Stored dataset items:
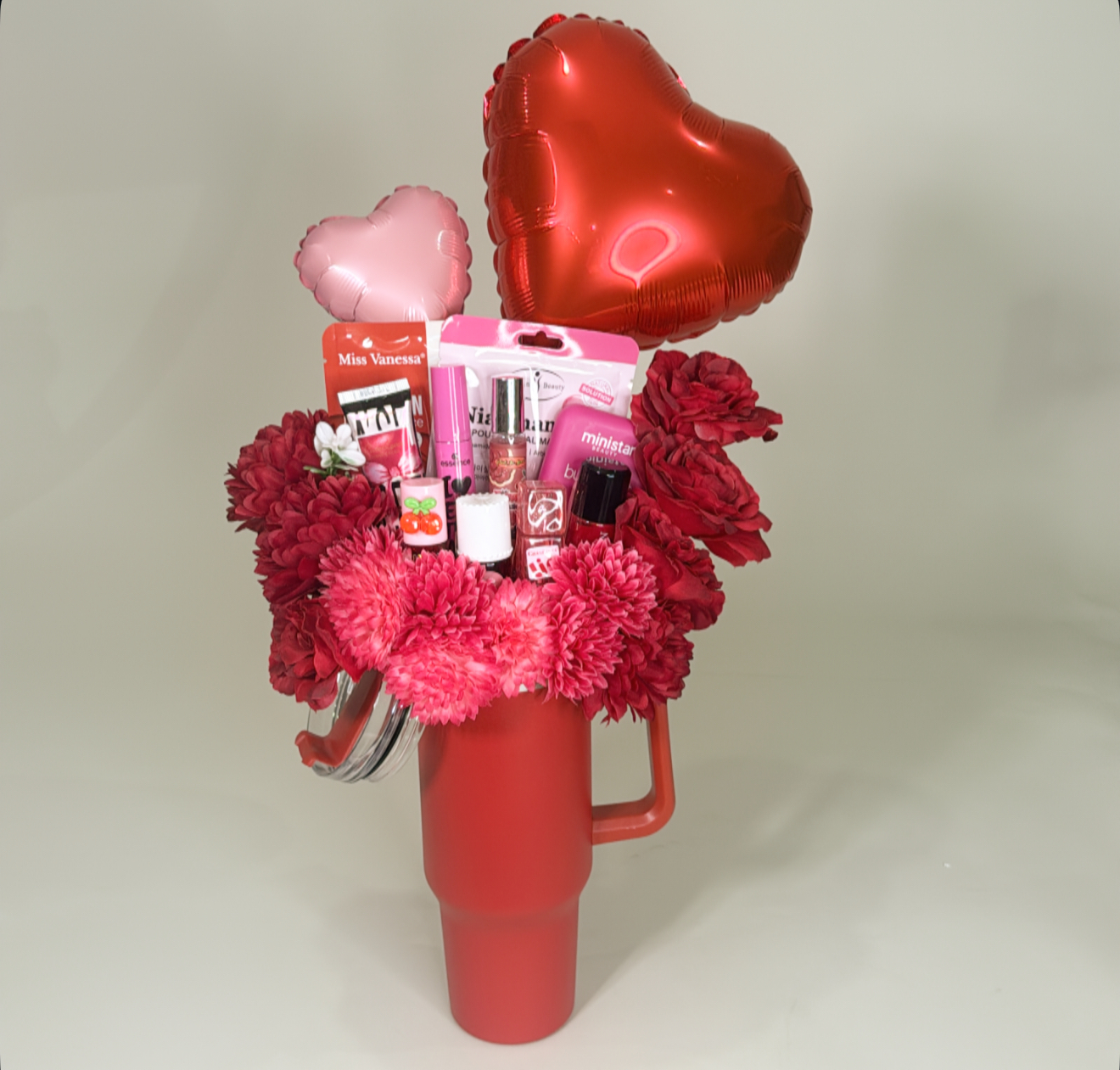 كوب حافظ للحراره بغطاء وعود ومزين بالورد الصناعي .١٠ قطع متنوعه من منتجات الميك اب والسكن كير .شعار اكرليك حسب المناسبه .كيس وكرت اهداء حسب المناسبه .
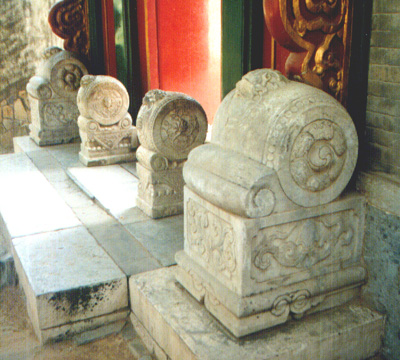 抱鼓石一般可分為兩種:一種是以徽派祠堂宅門抱鼓石為代表的樣式,稱為"螺蚌抱鼓石",多為三段:下部為基座,中部為承托件,上部為抱鼓石。整個(gè)造型不對(duì)稱,抱鼓石有向外突兀的起勢,很像一只螺或蝸牛,抱鼓石就像是其所背負(fù)的厚重外殼。 另一種是以北京四合院宅門(正門或二門)為代表的樣式,稱之為"如意抱鼓石",也可分為三段:下部雕須彌座,座上蓋有方形錦巾,中間為由兩個(gè)橫放的仿錐鼓與下部的方形錦巾組合成的如意形,上部為豎立著的圓鼓,一般鼓頂部還雕有臥獅。"如意抱鼓石"較為對(duì)稱,整個(gè)造型渾然一體,也有只剩一個(gè)仿錐鼓與方巾組成半個(gè)如意形的依柱式抱鼓石. 抱鼓石的裝飾圖案 目前遺存的抱鼓石紋樣豐富多彩,從題材上來分,可分為瑞獸祥云、花鳥蟲魚和器物什錦等等,從雕刻部位可分為鼓座、鼓面、鼓頂三大類。鼓座上多浮雕著牡丹、荷花、芙蓉、葵花以及如意紋、卷草紋、祥云紋等紋樣,表達(dá)著福壽吉祥的寓意,是花好富貴的象征;鼓面上裝飾的圖形既有低浮雕紋樣,又有高浮雕的獅子。如有螺旋曲線的裝飾紋樣,還刻有三獅戲球、四獅同堂(四世同堂),五獅護(hù)欄(五世福祿)等圖案;鼓頂上面一般也雕成獅形,有站獅、蹲獅或臥獅。獅者,獸中之王也,是舊時(shí)大戶人家盡顯豪門威嚴(yán)的象征。 "門當(dāng)戶對(duì)" 抱鼓石與門簪因?yàn)樵谡T門面上下遙相呼應(yīng),在民間有所謂的"門當(dāng)戶對(duì)"之說。門簪是戶對(duì)的一種說法。 根據(jù)建筑學(xué)上的和諧美學(xué)原理,大門前有門當(dāng)?shù)恼罕赜袘魧?duì),所以,門當(dāng)、戶對(duì)常常被同呼并稱。又因?yàn)殚T當(dāng)、戶對(duì)上往往雕刻有適合主人身份的圖案,且門當(dāng)?shù)拇笮?、戶?duì)的多少又標(biāo)志著宅第主人家財(cái)勢的大小,所以,門當(dāng)和戶對(duì)除了有鎮(zhèn)宅裝飾的作用,還是宅第主人身份、地位、家境的重要標(biāo)志。 在今天,門當(dāng)戶對(duì)逐漸演變成社會(huì)觀念中衡量男婚女嫁條件的一個(gè)成語。
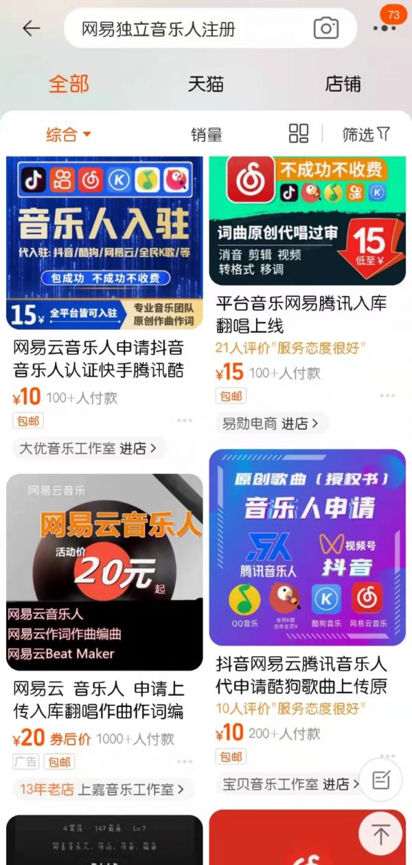 由于网易云音乐人的门槛低设,带来了平台音乐人中滥竽充数的问题。以词曲作者为例,提交基本资料之后,仅提供一段歌词就可认证,无需提供任何自制音乐作品或音乐内容著作权证明,甚至,淘宝上还能找到专门代申请业务,最低10元就能 帮搞定。
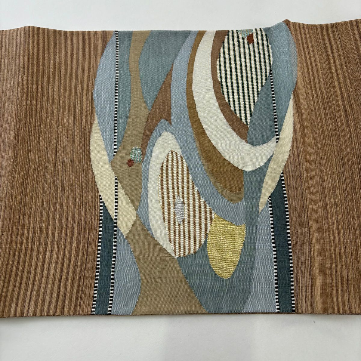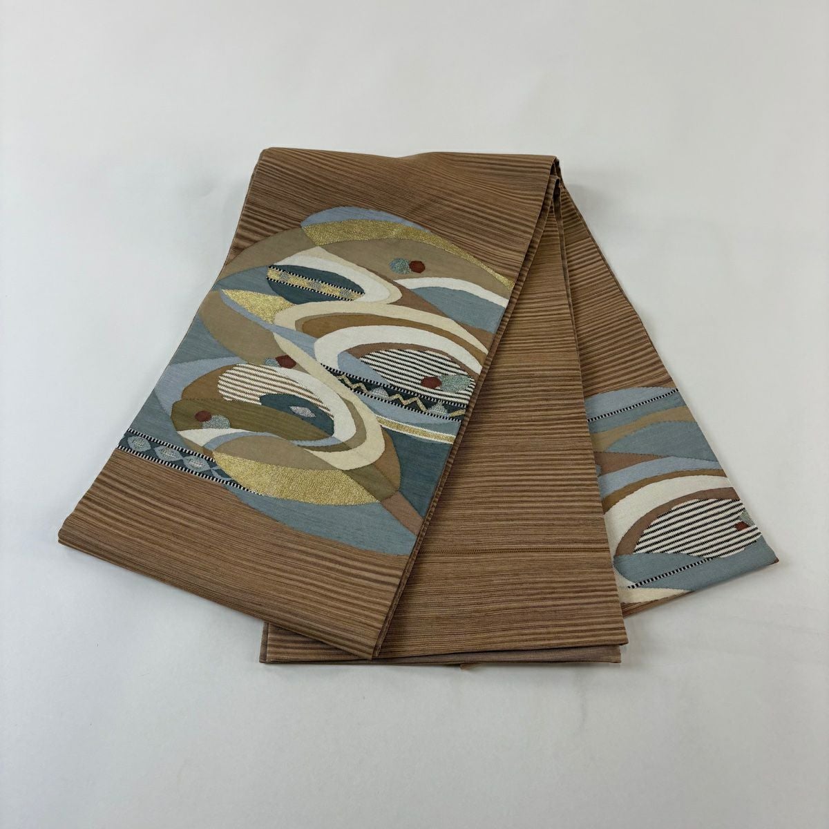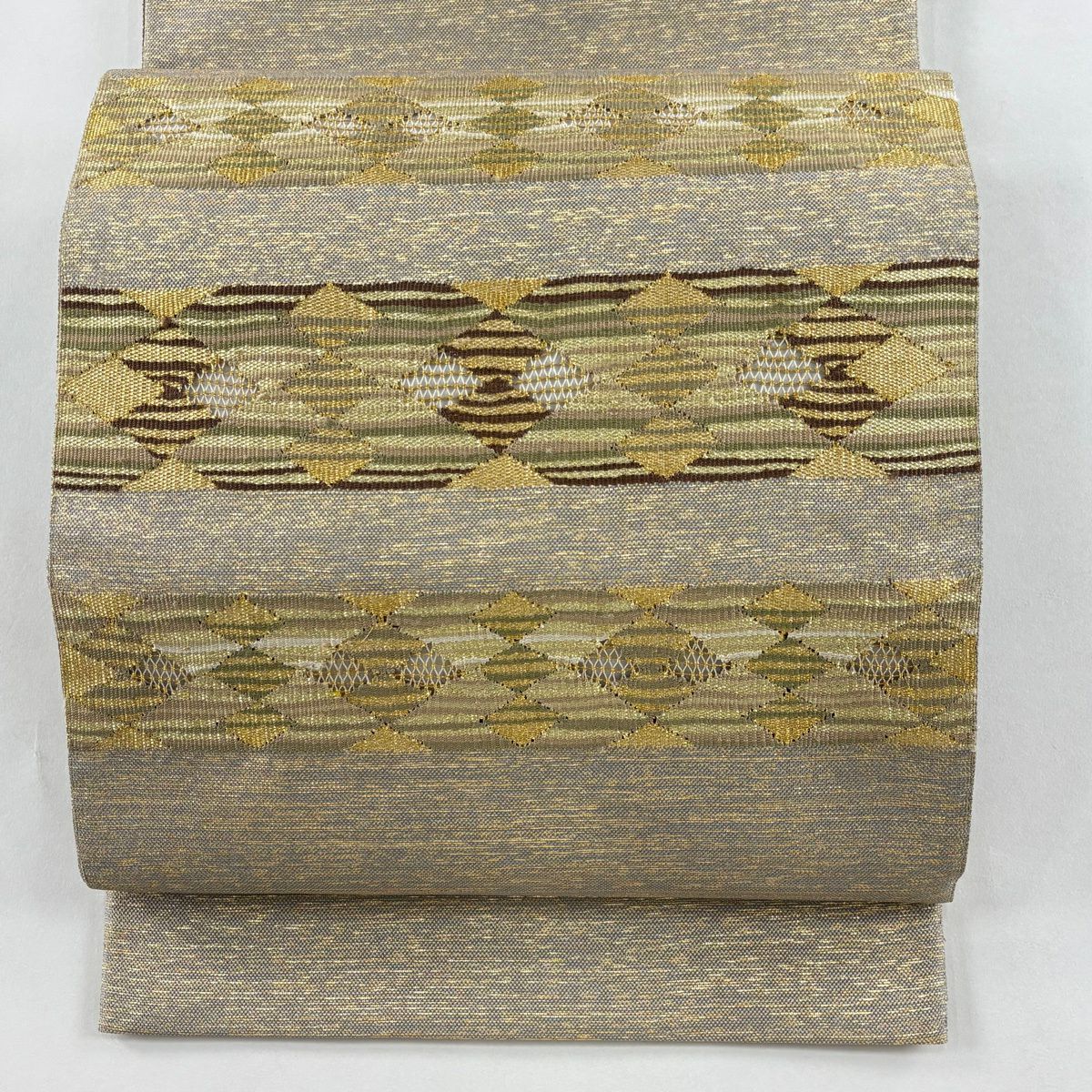 【美品】 袋帯 秀品 幾何学模様 金銀糸 薄茶色 お太鼓柄 正絹
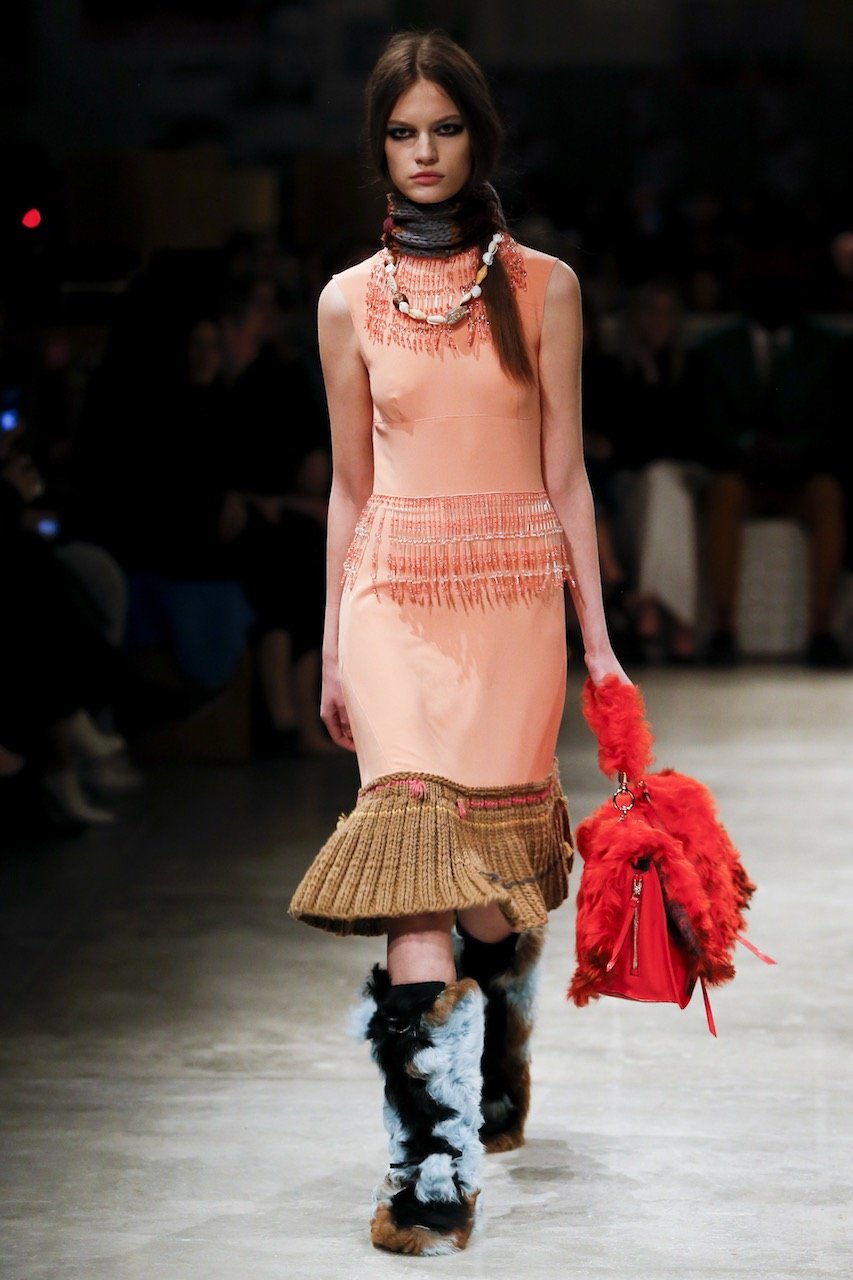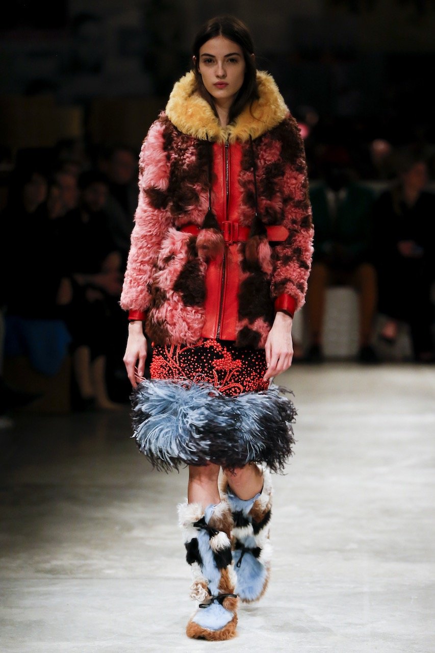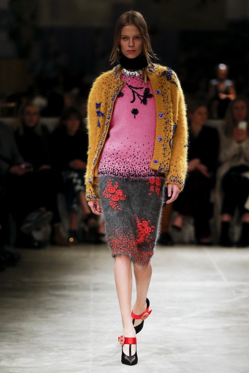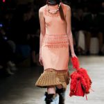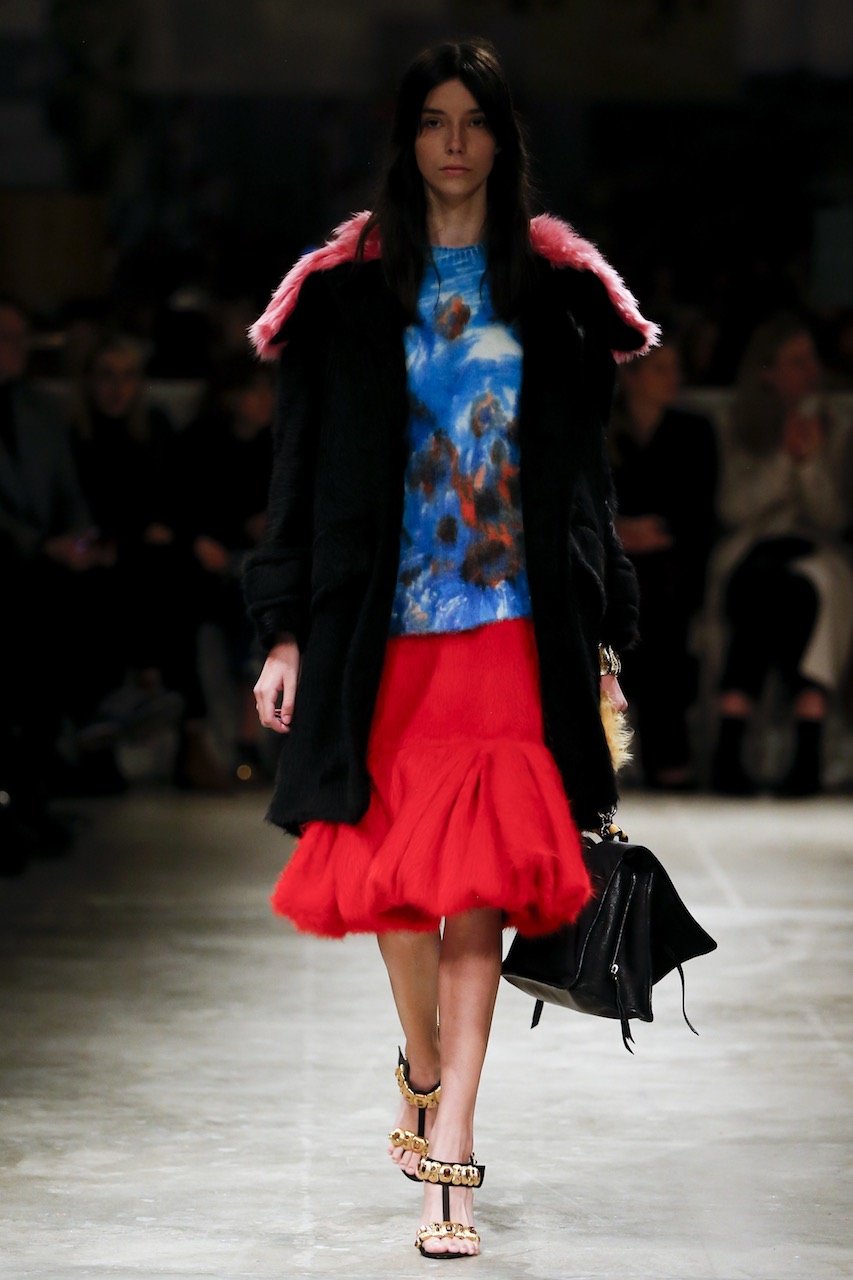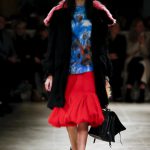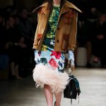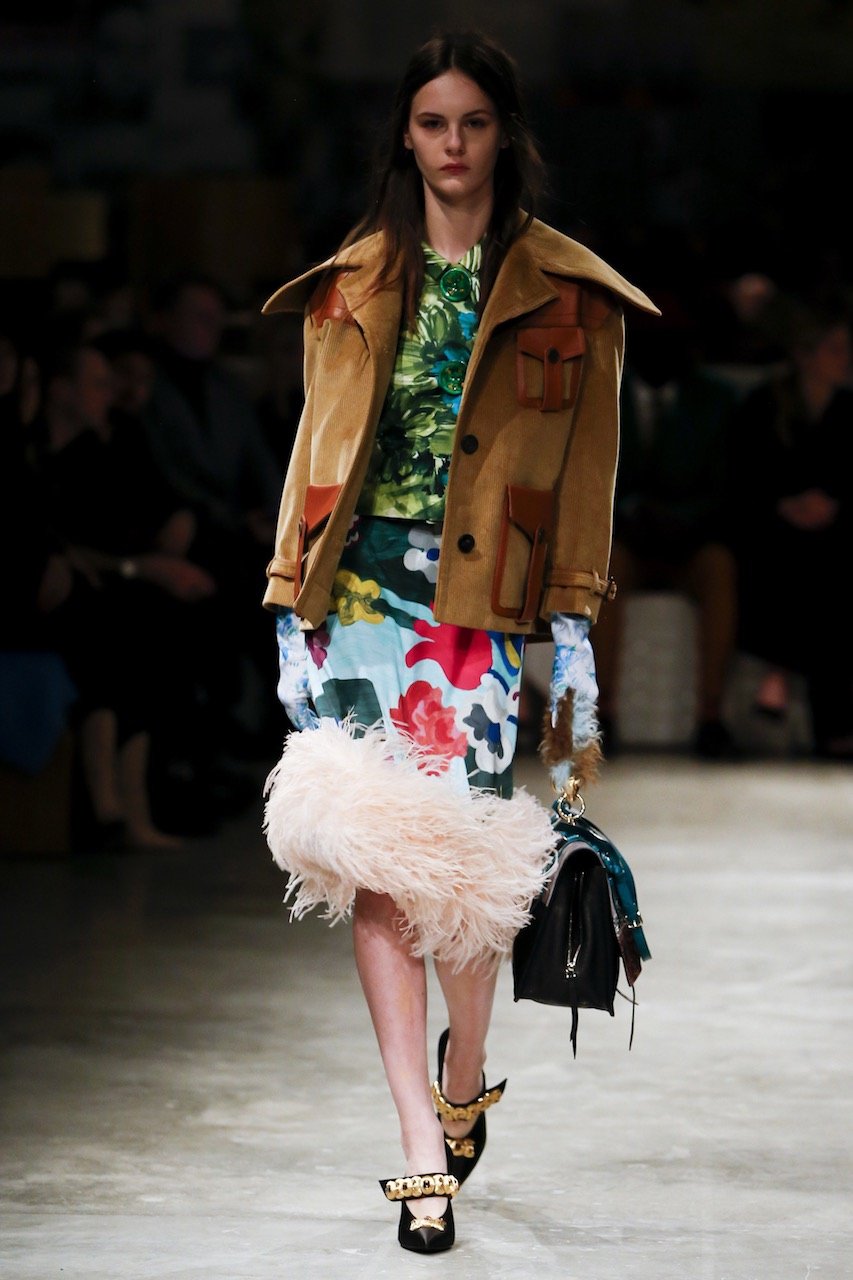 “Fashion is about the everyday and the everyday is the political stage of our freedoms“, campeggia scritto su uno dei poster che decorano la location. E i modelli rileggono suggestioni storiche e di costume, andando a definire un inventario della femminilità: ci sono le flappeur degli anni Venti con abiti aderenti fluttuanti di piume e frange, le hippies dai reggiseni decorati con conchiglie, e le pin up con femmes fatales disegnate sui vestiti. E tra reggiseni che richiamano proteste storiche e illustrazioni Fifties, c’è tutto il repertorio pradiano: piume, paillettes, reggiseni come top, pantaloni oversize stretti in vita da cinture colorate. Mentre gli accostamenti mescolano il rigorose dei tessuti e dei tagli con la frivolezza irresistibile delle stampe.

Your task:
Skipping the pictures, output the entries exactly as they appear above.

Answer to the problem:
 كوب حافظ للحراره بغطاء وعود ومزين بالورد الصناعي .١٠ قطع متنوعه من منتجات الميك اب والسكن كير .شعار اكرليك حسب المناسبه .كيس وكرت اهداء حسب المناسبه .
 抱鼓石一般可分為兩種:一種是以徽派祠堂宅門抱鼓石為代表的樣式,稱為"螺蚌抱鼓石",多為三段:下部為基座,中部為承托件,上部為抱鼓石。整個(gè)造型不對(duì)稱,抱鼓石有向外突兀的起勢,很像一只螺或蝸牛,抱鼓石就像是其所背負(fù)的厚重外殼。 另一種是以北京四合院宅門(正門或二門)為代表的樣式,稱之為"如意抱鼓石",也可分為三段:下部雕須彌座,座上蓋有方形錦巾,中間為由兩個(gè)橫放的仿錐鼓與下部的方形錦巾組合成的如意形,上部為豎立著的圓鼓,一般鼓頂部還雕有臥獅。"如意抱鼓石"較為對(duì)稱,整個(gè)造型渾然一體,也有只剩一個(gè)仿錐鼓與方巾組成半個(gè)如意形的依柱式抱鼓石. 抱鼓石的裝飾圖案 目前遺存的抱鼓石紋樣豐富多彩,從題材上來分,可分為瑞獸祥云、花鳥蟲魚和器物什錦等等,從雕刻部位可分為鼓座、鼓面、鼓頂三大類。鼓座上多浮雕著牡丹、荷花、芙蓉、葵花以及如意紋、卷草紋、祥云紋等紋樣,表達(dá)著福壽吉祥的寓意,是花好富貴的象征;鼓面上裝飾的圖形既有低浮雕紋樣,又有高浮雕的獅子。如有螺旋曲線的裝飾紋樣,還刻有三獅戲球、四獅同堂(四世同堂),五獅護(hù)欄(五世福祿)等圖案;鼓頂上面一般也雕成獅形,有站獅、蹲獅或臥獅。獅者,獸中之王也,是舊時(shí)大戶人家盡顯豪門威嚴(yán)的象征。 "門當(dāng)戶對(duì)" 抱鼓石與門簪因?yàn)樵谡T門面上下遙相呼應(yīng),在民間有所謂的"門當(dāng)戶對(duì)"之說。門簪是戶對(duì)的一種說法。 根據(jù)建筑學(xué)上的和諧美學(xué)原理,大門前有門當(dāng)?shù)恼罕赜袘魧?duì),所以,門當(dāng)、戶對(duì)常常被同呼并稱。又因?yàn)殚T當(dāng)、戶對(duì)上往往雕刻有適合主人身份的圖案,且門當(dāng)?shù)拇笮?、戶?duì)的多少又標(biāo)志著宅第主人家財(cái)勢的大小,所以,門當(dāng)和戶對(duì)除了有鎮(zhèn)宅裝飾的作用,還是宅第主人身份、地位、家境的重要標(biāo)志。 在今天,門當(dāng)戶對(duì)逐漸演變成社會(huì)觀念中衡量男婚女嫁條件的一個(gè)成語。
 由于网易云音乐人的门槛低设,带来了平台音乐人中滥竽充数的问题。以词曲作者为例,提交基本资料之后,仅提供一段歌词就可认证,无需提供任何自制音乐作品或音乐内容著作权证明,甚至,淘宝上还能找到专门代申请业务,最低10元就能 帮搞定。
 【美品】 袋帯 秀品 幾何学模様 金銀糸 薄茶色 お太鼓柄 正絹
 “Fashion is about the everyday and the everyday is the political stage of our freedoms“, campeggia scritto su uno dei poster che decorano la location. E i modelli rileggono suggestioni storiche e di costume, andando a definire un inventario della femminilità: ci sono le flappeur degli anni Venti con abiti aderenti fluttuanti di piume e frange, le hippies dai reggiseni decorati con conchiglie, e le pin up con femmes fatales disegnate sui vestiti. E tra reggiseni che richiamano proteste storiche e illustrazioni Fifties, c’è tutto il repertorio pradiano: piume, paillettes, reggiseni come top, pantaloni oversize stretti in vita da cinture colorate. Mentre gli accostamenti mescolano il rigorose dei tessuti e dei tagli con la frivolezza irresistibile delle stampe.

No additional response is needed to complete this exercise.